Unpredictable Trajectories: The LLM’s path through these tool calls became difficult to predict, leading to inconsistent and unreliable results.
Limited Adaptability: The LLM struggled to fetch data it didn’t know how to query for, severely limiting its problem-solving capabilities.

The Pivot: Specialization and Structure 🛠️

Recognizing the limitations of the initial approach, the team shifted gears. This pivot centered around two key changes:

Specialized Tools: Replacing the generic tool with focused tools tailored to specific tasks – metrics, logs, releases, etc.
Structured Output: Ensuring tools provided structured data, including descriptions of what the query does and the expected output. This made the LLM’s reasoning far more transparent.
Composite Tools: Combining related tools into single calls for common use cases, streamlining workflows.
Read-Only Deployment: Initially deploying the agent in read-only mode, a critical safety measure to prevent accidental modifications to the production system.
User Impersonation: Executing all tool calls under a specific user identity with limited permissions.

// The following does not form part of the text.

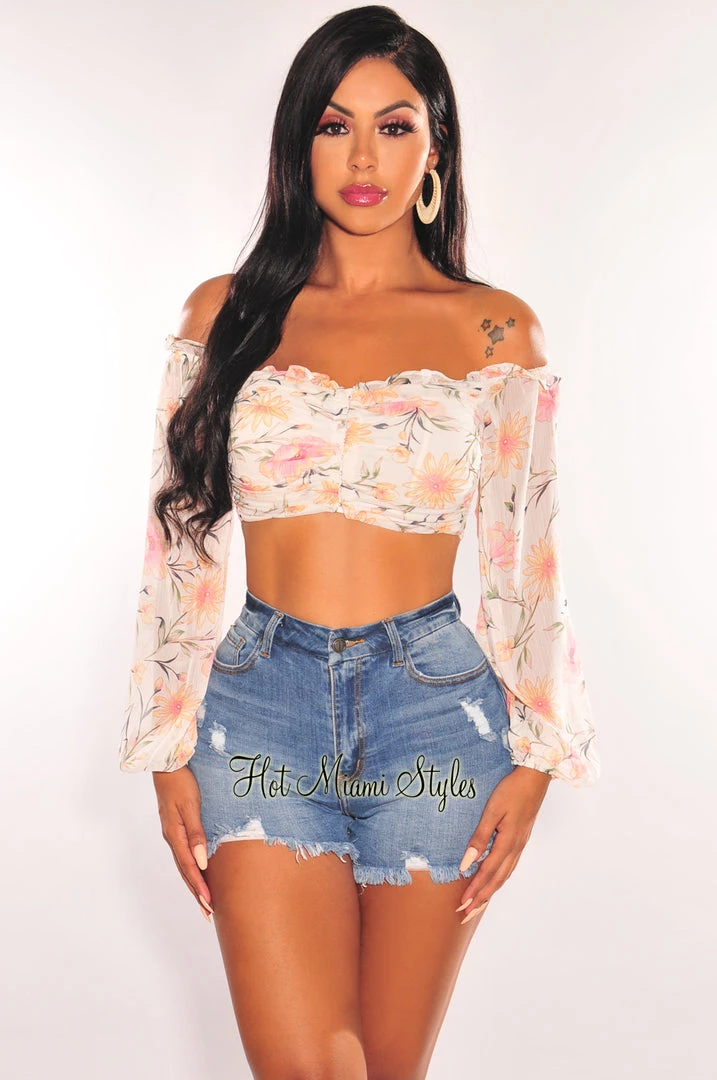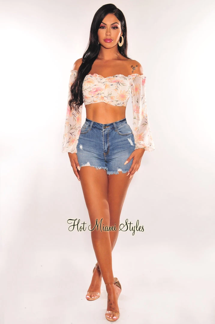 This off white floral long sleeves top is a must-have. An off shoulder silhouette makes this beaut a perfect choice for the season.

Key Takeaways: What We Learned 🎯

This journey yielded a wealth of valuable lessons. Here’s a breakdown of the most impactful:

Avoid Overly Generous Tools: Flexibility is great, but too much freedom can lead to unpredictable behavior. Structure and focus are key.
Structure is Crucial: Well-defined tool interfaces and structured data are essential for predictable and effective agent operation.
Specialization Beats Generality: Focused tools tailored to specific tasks consistently outperform generic tools.
One-Shot Summarization is Powerful: LLMs excel at summarizing raw data when provided with the right context.
Prioritize Safety: Read-only deployment and user impersonation are critical for preventing unintended consequences.
Treat LLMs as Unreliable Clients: Rigorous parameter validation and graceful error handling are non-negotiable.
Fail Fast on Untrained Tasks: Prevent the agent from attempting tasks it’s not designed for.

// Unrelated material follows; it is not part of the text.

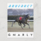 Runaway horse Gnarly, racing through the stretch at Aqueduct with his reins hanging and flopping through the Winter breeze. Gnarly lost his jockey midway through the stretch.

Diving Deeper: Technical Nuances 💾

Let’s look at some of the specific technical challenges and solutions:

Prometheus Query Tool Issues: The initial attempt with a single Prometheus query tool proved too complex, demanding too many calls and creating unpredictable decision points.
Importance of Tool Descriptions: Providing clear descriptions of tool queries helps the LLM understand the context and interpret results effectively.
User Context Injection: Injecting user identity into tool calls enables granular access control and auditability.
Structured Output from Tools: Standardizing output formats makes integration and interpretation much smoother.
Validation and Error Handling: Essential for reliability; think of it as building a safety net for the LLM.

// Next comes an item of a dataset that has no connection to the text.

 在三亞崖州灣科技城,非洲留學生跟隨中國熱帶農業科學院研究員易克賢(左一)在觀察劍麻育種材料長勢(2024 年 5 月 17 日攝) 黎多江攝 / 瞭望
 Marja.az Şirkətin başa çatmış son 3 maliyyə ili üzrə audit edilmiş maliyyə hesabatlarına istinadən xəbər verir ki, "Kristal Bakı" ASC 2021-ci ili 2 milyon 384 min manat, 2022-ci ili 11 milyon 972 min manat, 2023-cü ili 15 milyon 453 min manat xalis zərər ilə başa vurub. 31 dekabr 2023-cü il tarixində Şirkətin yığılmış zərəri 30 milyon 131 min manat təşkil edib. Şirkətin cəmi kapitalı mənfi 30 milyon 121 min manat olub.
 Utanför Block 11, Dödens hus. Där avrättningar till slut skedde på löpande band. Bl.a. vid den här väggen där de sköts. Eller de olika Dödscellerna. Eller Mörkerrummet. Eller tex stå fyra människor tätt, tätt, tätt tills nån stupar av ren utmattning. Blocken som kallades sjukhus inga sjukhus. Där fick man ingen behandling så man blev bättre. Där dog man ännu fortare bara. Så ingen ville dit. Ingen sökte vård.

What’s Next? Future Directions 📡

The journey doesn’t end here! Here’s what the team is exploring:

Refine Tool Design: Continuously evaluating and improving individual tools based on usage patterns and feedback.
Dynamic Tool Selection: Exploring ways to allow the LLM to dynamically select the appropriate tool based on the context (a tricky balancing act!).
Advanced Prompt Engineering: Experimenting with more sophisticated prompt engineering techniques to guide the LLM’s behavior.
Feedback Loops: Implementing a feedback loop to allow human operators to correct the agent’s actions and improve its performance.
Expand Toolset: Considering expanding the toolset to include capabilities for more advanced troubleshooting tasks.
Monitoring and Observability: Implementing robust monitoring and observability to track the agent’s performance and identify areas for improvement.
Security Audits: Regularly conducting security audits to ensure the agent’s security posture.

Beyond the Basics: Advanced Considerations 🌐

Data Source Prioritization: Carefully curating data sources – prioritizing validated Root Cause Analysis (RCA) tickets and cautiously processing Slack threads.
Continuous Grounding in Knowledge Bases (RAG): Continuously grounding the LLM at each step, ensuring it uses the most relevant data and runbooks.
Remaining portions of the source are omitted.